Tuesday, October 20, 2009
red pile
Monday, October 19, 2009
Sunday, October 18, 2009
and then and then and then
I made this silly drawing yesterday but have been surprised that people seem to be interested in it. This seems to happen often here-- that I make a throwaway something that curiously provokes rapture in my peers. My studio practice has been excruciatingly slowed down with the tumult of the Murphy Cadogan show, out-of-town guests and the writing of my thesis. But what this means mostly is that I've been making productive lists and quick/fast/dirty drawings in my sketchbook with the little time I have-- drawings that have been allowing me to try something without committing wholly to it.
Saturday, October 17, 2009
shadows of shadows

Friday, October 16, 2009
the siblings

Thursday, October 15, 2009
some shapes


I've been doing some new sketches in my notebook of houses, tombstones, conversation bubbles and ghosts. One of my advisors told me he was glas I was doing them in my notebook and sparing everyone from having to look at them nice paper. Harsh.

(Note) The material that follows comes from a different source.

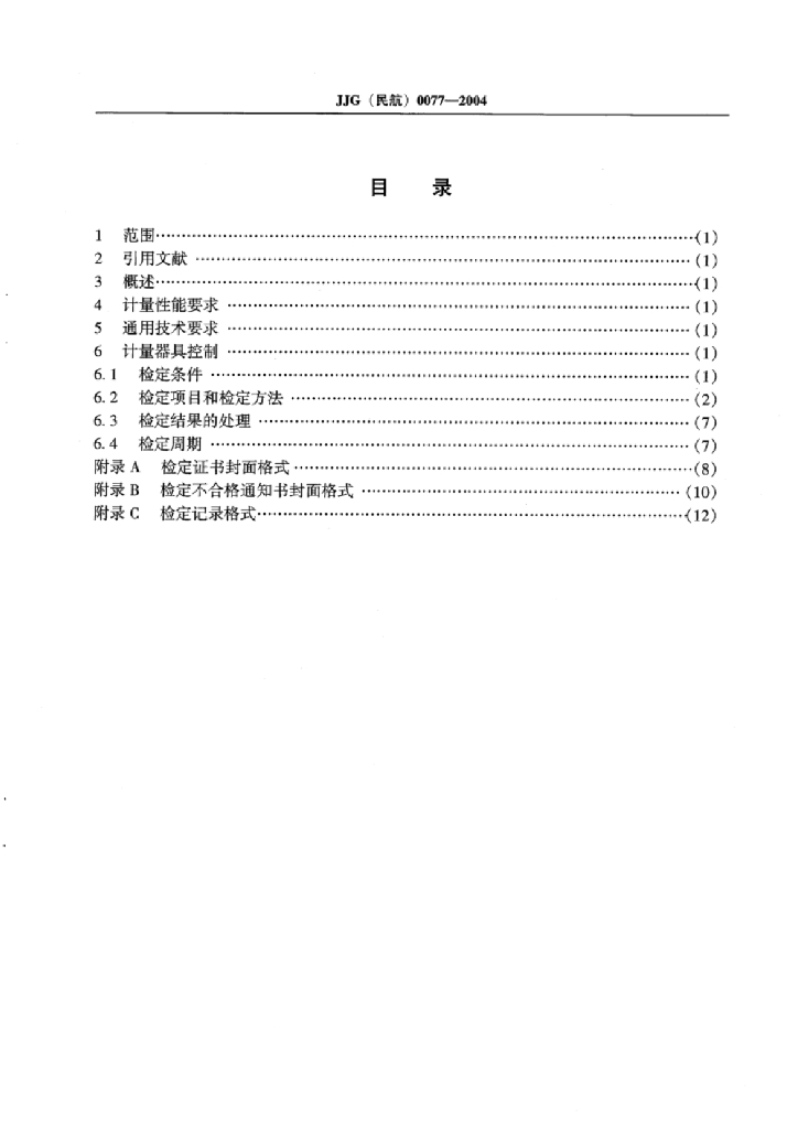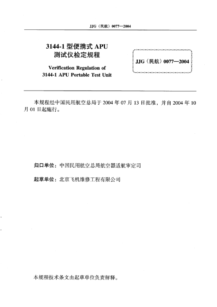 JJG(民航)0077-2004 3144-1型便携式APU测试仪检定规程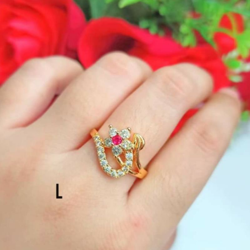 Cincin TITANIUM Dewasa Perm ata kombinasi warna go ld perhiasan remaja modern

But I'm still sort of interested in them-- I mean, obviously, they're silly, they're scribbles, they're hardly even the seeds of ideas... but they're also fun to draw, they're fast and easy and they're didactic versions of the images of the subject I'm hoping to make work about. To not draw them would be like someone else making paintings about Christ without dealing with how to draw and what it means to draw the cross.